The chief research conclusions can be summed up below:

• The 3-parameter Weibull distribution supplied the utmost fit for the ice cream manufacturing system to present the TBFs, whereas the TTRs are 3-parameter lognormal distribution.
• The parameters for TBFs and TTRs of the ice cream manufacturing system and each machine were computed. Thus, the reliability and maintainability of the system can be predicted in short term time periods.
• The average TBF for the ice cream manufacturing system was 334.2 min, whereas the average TTR was 25.12 min.
• To enhance the reliability of the system, awareness must first be placed on the packaging (M5) and then on the freezer tunnel (M4). These machines’ significance is vital and their maintenance has to be thorough to prevent losses regarding efficiency, productivity, and quality.
• The maintainability has to be enhanced on the exogenous (M6), and also on the ice cream (M3), together with the complete ice cream manufacturing system.
• The reliability and maintainability for various time periods and the parameters of TBFs/TTRs of the ice cream manufacturing system and each machine are calculated.
• The TTR has an expanding repair rate reaching 10.5 min and then a lessening repair rate, signifying that if a repair procedure is not completed during the initial 10.5 min and continues for an extended time period, this suggests the existence critical trouble on the system, i.e., insufficient skill of technicians, inadequate management, restricted amount of maintenance personnel, limited spare part availability, and so on.

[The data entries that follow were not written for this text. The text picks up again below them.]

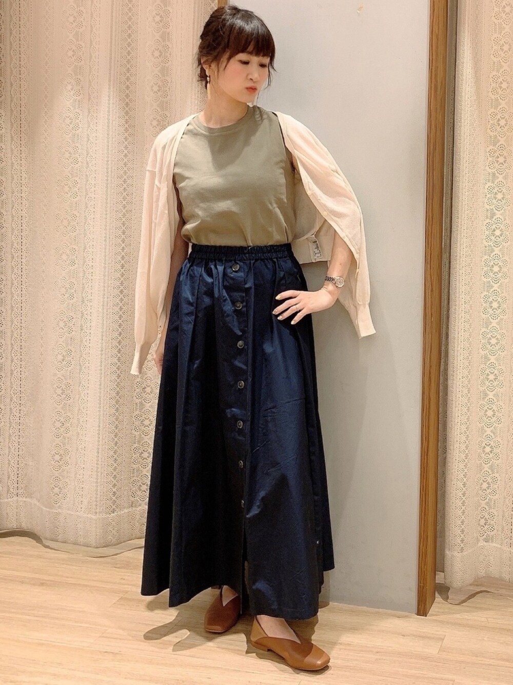 ノースリーブカットソー×カーディガン羽織り✨ スカートは前ボタン、後ろボタン、サイドボタンの3wayデザインです♡
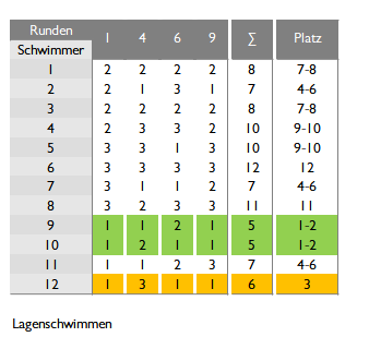 Es kann damit die beste Mannschaft ermittelt werden – die Schwimmer 9, 10 und 12 haben in je drei Schwimmstilen gewonnen. Den vierten Schwimmer würde man zwischen den Schwimmern 2, 7 und 11 nach der besten geschwommenen Zeit ermitteln.
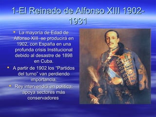 El documento resume el periodo de la historia de España entre 1898 y 1939. Explica que tras la pérdida de las colonias en 1898, España entró en crisis y el reinado de Alfonso XIII estuvo marcado por problemas religiosos, militares y autonómicos. La dictadura de Primo de Rivera entre 1923 y 1930 tampoco solucionó los problemas. Esto llevó a la proclamación de la Segunda República en 1931 y el establecimiento de reformas sociales y políticas hasta que la victoria de la derecha en 1933 dio paso a un periodo
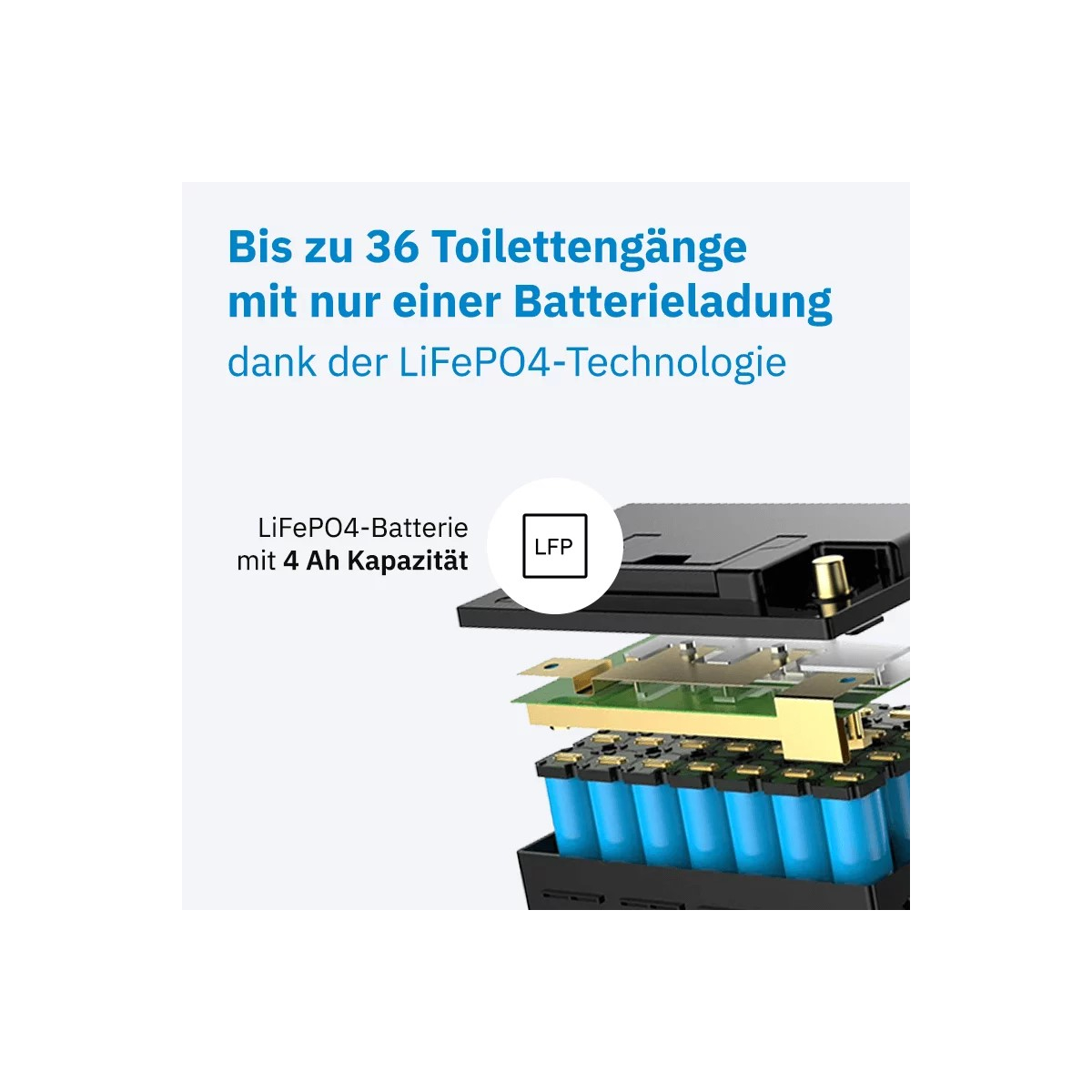 LC 4CS è la batteria di alimentazione con licenza ufficiale per Clesana C1 e, grazie all'affidabile tecnologia LiFePO4, garantisce un'alimentazione semplice e sicura. Con 51,2 Wh, fornisce energia sufficiente per un massimo di 50 utilizzi in bagno: compatto, robusto e pronto all'uso immediato.
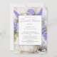 This bridal shower invitation features a rustic romantic floral design with soft lavender and purple blossoms and lush green foliage framing the layout. A vintage-style background with handwritten script and a decorative vase adds an elegant, timeless charm. The overall composition blends classic beauty with gentle whimsy, creating a warm and inviting tone perfect for celebrating love and new beginnings. The back of the card is a full version of the beautiful floral illustration. Personalize with your own information.
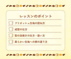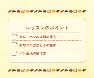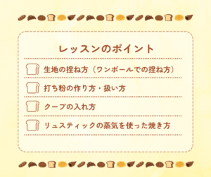 こうして毎回少しずつよりハイレベルのパン作りを実践いただくことで、技量のステップアップを実感いただけるレッスンとなっていますが、これらの技術を着実に身に着けていただくことで、今後のパン作りの幅が更に一層広がり、様々な種類のパンをご自宅でもお手軽に作って頂けるようになります。
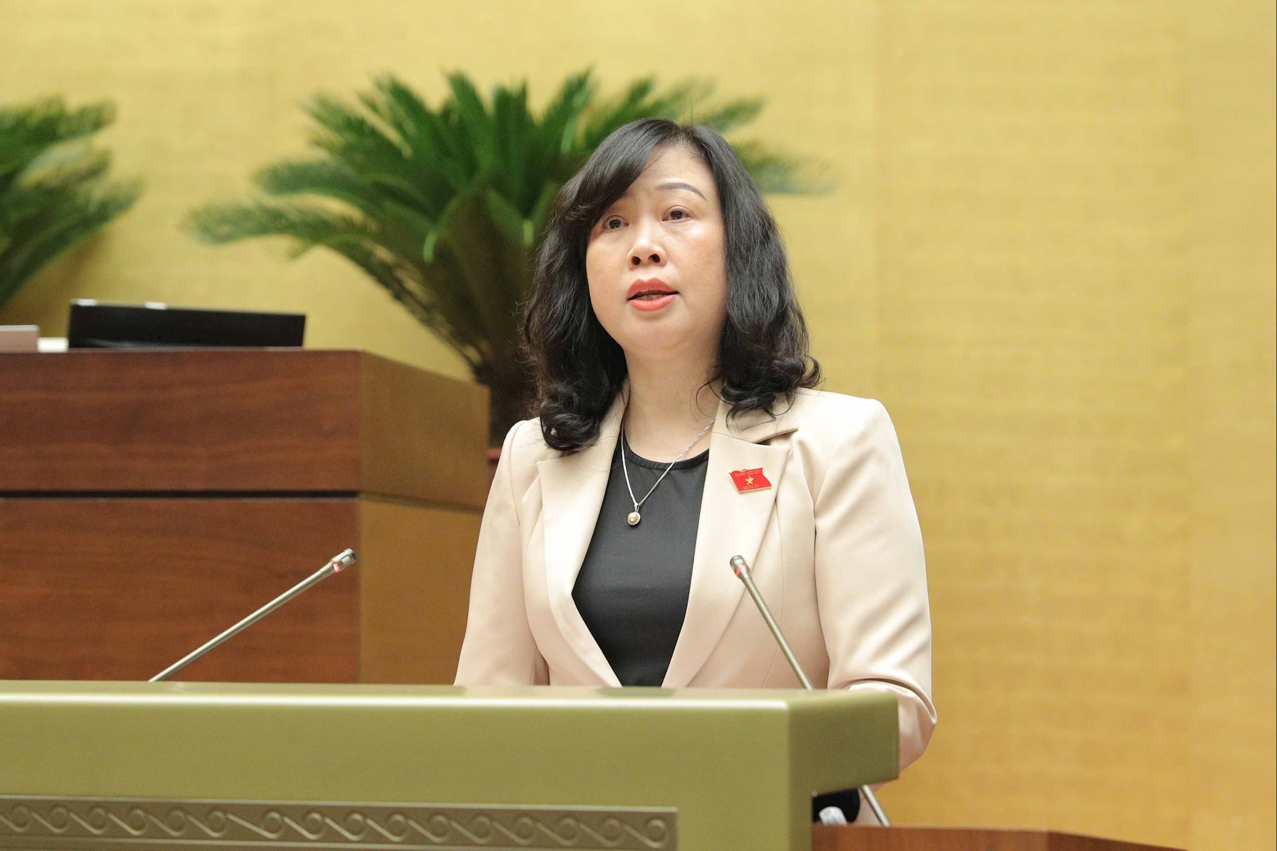 Bộ trưởng Bộ Y tế Đào Hồng Lan trình bày tóm tắt Tờ trình về Chủ trương đầu tư Chương trình mục tiêu quốc gia về chăm sóc sức khỏe, dân số và phát triển giai đoạn 2026 - 2035. Ảnh: Hồ Long

The outcome of the reliability and maintainability interpretation must be essential criticism for the design engineers and managers for the input to be incorporated for further improvement of the performance management and the maintenance policy of the ice cream manufacturing system i.e., spare parts management, maintenance strategy, lessening the delivery time to customers, etc. Moreover, the study provides genuine RAM modeling to assist manufacturers of ice cream machines, whose target is to optimize both the design as well as the function of their manufacturing systems at the highest reliability, therefore extending their performance, efficiency, and availability.

There are many implications for this case study: (a) in deciding the maintenance periods both in scheduling and managing the correct maintenance policy, we showed how the study of RAM is especially beneficial. (b) In order to allow production managers to proceed safely from the next steps and decisions in respect to machines’ operation, RAM characteristics have been computed to evaluate and optimize system performance. (c) The participation and cooperation for all levels of employees (operators, technicians, managers, etc.) in the RAM procedures was ensured. Moreover, this study offered encouragement for innovative thought of employees in order to meet the strategic goals of the organization.